Merry Christmas & Happy Holidays to all of you from Best Homes & the Northrup Family!

 

 

Yep - we've all completed another trip around the sun.  Hard to believe, but we've spun around in a circle almost 365 times and taken another lap though the oval of our solar system.  Feeling dizzy?  You have a right to be disoriented!

Yesterday morning before work I was fortunate enough to witness the blood flowing from the wound in my shin, inflicted when the idiot-assed mesh that was on the Christmas Tree broke as I carried the Noble Fir into the house.  The obligatory 'fresh cut' at the base of the tree created a neat, sharp edge that cleanly sliced the skin and allowed my red blood to seep out onto the green of the needles.

How festive!  I'd created my own Christmas collage!  Red & Green together!  Ahhh, the joy of Christmas!
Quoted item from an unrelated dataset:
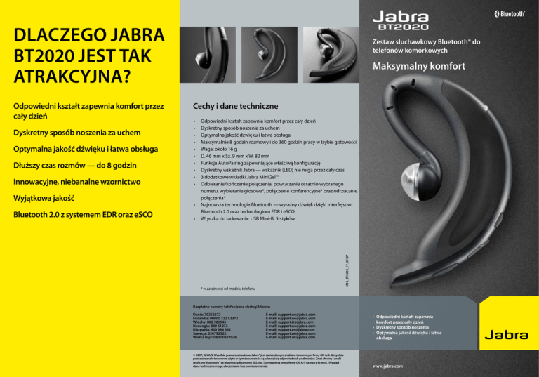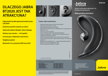 DLACZEGO JABRA BT2020 JEST TAK ATRAKCYJNA? Dyskretny sposób noszenia za uchem Optymalna jakość dźwięku i łatwa obsługa Dłuższy czas rozmów — do 8 godzin Innowacyjne, niebanalne wzornictwo Wyjątkowa jakość Bluetooth 2.0 z systemem EDR oraz eSCO Maksymalny komfort Cechy i dane techniczne • • • • • • • • • • • • Odpowiedni kształt zapewnia komfort przez cały dzień Dyskretny sposób noszenia za uchem Optymalna jakość dźwięku i łatwa obsługa Maksymalnie 8 godzin rozmowy i do 360 godzin pracy w trybie gotowości Waga: około 16 g D. 46 mm x Sz. 9 mm x W. 82 mm Funkcja AutoPairing zapewniające właściwą konfigurację Dyskretny wskaźnik Jabra — wskaźnik (LED) nie miga przez cały czas 3 dodatkowe wkładki Jabra MiniGel™ Odbieranie/kończenie połączenia, powtarzanie ostatnio wybranego numeru, wybieranie głosowe*, połączenie konferencyjne* oraz odrzucanie połączenia* Najnowsza technologia Bluetooth — wyraźny dźwięk dzięki interfejsowi Bluetooth 2.0 oraz technologiom EDR i eSCO Wtyczka do ładowania: USB Mini-B, 5-styków M04_BT2020_17_07/07 Odpowiedni kształt zapewnia komfort przez cały dzień Zestaw słuchawkowy Bluetooth® do telefonów komórkowych * w zależności od modelu telefonu Bezpłatne numery telefoniczne obsługi klienta: Dania: 70252272 Finlandia: 00800 722 52272 Włochy: 800 786543 Norwegia: 800 61272 Hiszpania: 900 984 542 Szwecja: 020792522 Wielka Bryt: 0800 0327026 E-mail: [email protected] E-mail: [email protected] E-mail: [email protected] E-mail: [email protected] E-mail: [email protected] E-mail: [email protected] E-mail: [email protected] © 2007, GN A/S. Wszelkie prawa zastrzeżone. Jabra® jest zastrzeżonym znakiem towarowym firmy GN A/S. Wszystkie pozostałe znaki towarowe użyte w tym dokumencie są własnością odpowiednich podmiotów. Znak słowny i znaki graficzne Bluetooth® są własnością Bluetooth SIG, Inc. i używane są przez firmę GN A/S na mocy licencji. (Wygląd i dane techniczne mogą ulec zmianie bez powiadomienia). • O dpowiedni kształt zapewnia komfort przez cały dzień • Dyskretny sposób noszenia • Optymalna jakość dźwięku i łatwa obsługa www.jabra.com Maksymalny komfort Skrócona instrukcja obsługi Rozmowa przez cały dzień Polujesz na ważnych klientów? Pracujesz w domu? Niezależnie od tego, gdzie jesteś, Jabra — Twój zestaw słuchawkowy zapewni Ci pełen komfort nawet w najbardziej zwariowanym dniu. Innowacyjne, niebanalne wzornictwo i doskonała ergonomia sprawiają, że zestaw słuchawkowy Jabra to doskonała inwestycja. Naładuj zestaw słuchawkowy. Ładuj swój zestaw słuchawkowy Jabra BT2020, dopóki nie zgaśnie świecący wskaźnik LED (ok. 2 godziny). 5 Włączanie i wyłączanie zestawu słuchawkowego Aby włączyć lub wyłączyć zestaw słuchawkowy, naciśnij przycisk odbierania/ kończenia połączenia i przytrzymaj, dopóki wskaźnik (LED) nie błyśnie kilka razy. 6 Elegancja i komfort Nowa Jabra BT2020 jest trwała, a zarazem stylowa, a jej ciężar rozkłada się na uchu równomiernie. Konstrukcja zestawu Jabra zapewnia pewne i dyskretne dopasowanie, dzięki czemu z pewnością utrzyma się on na swoim miejscu — nawet jeśli biegniesz na spotkanie. A jeśli rozmawiasz bardzo długo, zestaw słuchawkowy Jabra zapewnia Ci komfort i swobodę przez cały dzień. Powiązywanie zestawu słuchawkowego z telefonem 1. Po włączeniu zestawu słuchawkowego Jabra po raz pierwszy automatycznie włączony zostanie tryb powiązywania. 2. Aktywuj funkcję Bluetooth telefonu. 3. Naciśnij przycisk „Tak” na telefonie i potwierdź, wprowadzając kod PIN: 0000 (4 zera). 4. Telefon potwierdzi zakończenie powiązywania. 1 Bogate wyposażenie, świetna cena Jabra BT2020 nie tylko zapewnia komfort noszenia, ale również szeroką gamę funkcji. Zestaw Jabra wyróżnia nowoczesna technologia, niebanalne wzornictwo, a także doskonała jakość dźwięku i intuicyjna obsługa. Jednak nie możesz polegać tylko na naszym słowie. Załóż i sprawdź. Korzystanie z zestawu słuchawkowego jeszcze nigdy nie było tak przyjemne. Korzystanie z zestawu słuchawkowego Aby odebrać połączenie, naciśnij przycisk odbierania/kończenia połączenia zestawu słuchawkowego. Aby zakończyć połączenie, ponownie naciśnij przycisk odbierania/kończenia połączenia. 3 2 4 Sposób noszenia — wybór należy do Ciebie Zestaw słuchawkowy Jabra BT2020 jest przystosowany do noszenia na prawym uchu. Jeśli wolisz nosić go na lewym uchu, ostrożnie obróć zaczep MiniGel™ o 180 stopni. Aby zapewnić jak najlepsze dopasowanie do ucha, zestaw Jabra BT2020 zawiera dwa rodzaje wkładek MiniGel™. Aby zmienić wkładkę MiniGel™, wystarczy ją wyjąć, lekko przekręcając. 1 Przycisk odbierania/ kończenia połączenia Przycisk włączania/ wyłączania Aby włączyć, naciśnij lub przytrzymaj przycisk. 2 Przycisk głośności Lekko naciśnij, aby zwiększyć głośność, przytrzymaj, aby zmniejszyć głośność. 3 Gniazdo ładowania Łatwe ładowanie dzięki dostarczonemu zasilaczowi AC 4 Wskaźnik (LED) Sygnalizuje stan połączenia Bluetooth, niski poziom naładowania, tryb ładowania baterii 5 Wkładki Jabra MiniGelTM Obracają się, umożliwiając noszenie na prawym/lewym uchu. 6 Wysięgnik mikrofonu Optymalna jakość dźwięku

My wife gives me subtle hints that it's time to decorate: just before thanksgiving I find the outdoor lights placed where my surfboard once was.  Is this a hint?  Or an ultimatum?  "No surfing for you until the house is decorated..."  So it's out to the garage for the ladder and out the upstairs window to hang those pesky strings in my preset hooks.  I've got it down to a science; the lights go up in less than an hour.  Then, it takes 2 to 3 hours to get the buggers working.  (I'm looking forward to meeting the inventor of the 'icicle' lights, where one is out and an entire section goes dark - he'll be right there with the "Can you hear me now?" Verizon dork.  I've yet to commit a homicide, but meeting either of those two might put put me over the edge...)  The lighted lawn Reindeer rusted out last year and were sent to the big North Pole in the sky, but the snap-together snowman has survived to make it this season.

By the time the tree is up and the lights are on and my chores are complete I'm truly in the mood to watch some Holiday movies.  It's time to relax and enjoy such classics as 'A Christmas Carol', or 'How the Grinch Stole Christmas', or even 'It's a Wonderful Life'.  I settle into the couch after I've electrocuted myself, pinched fingers, and bandaged wounds, with the urge to play the stories backward so they have a happy ending.  You get it?  Scrooge stays Scrooge, the Grinch gets away with stealing Christmas, and Mr. Potter owns Bedford Falls.

Ahhh, the joy of Christmas!

But, in retrospect every year it's worth it.  I know that for every single hour I put in making the Holiday special for the kids and friends and family, my wife puts in four.  I appreciate her so much.  For the kids, this is a special time, and she makes it wonderful for them.  I try too, but can't hold a Christmas candle to her efforts.

I could go on with more drivel, but really I just wanted to say Merry Christmas, Happy Hanukkah, or just plain Happy Holidays to everyone who is not too busy to take a moment & read this.

Happy New Year too!  Hang on tight & get ready for another trip around the sun!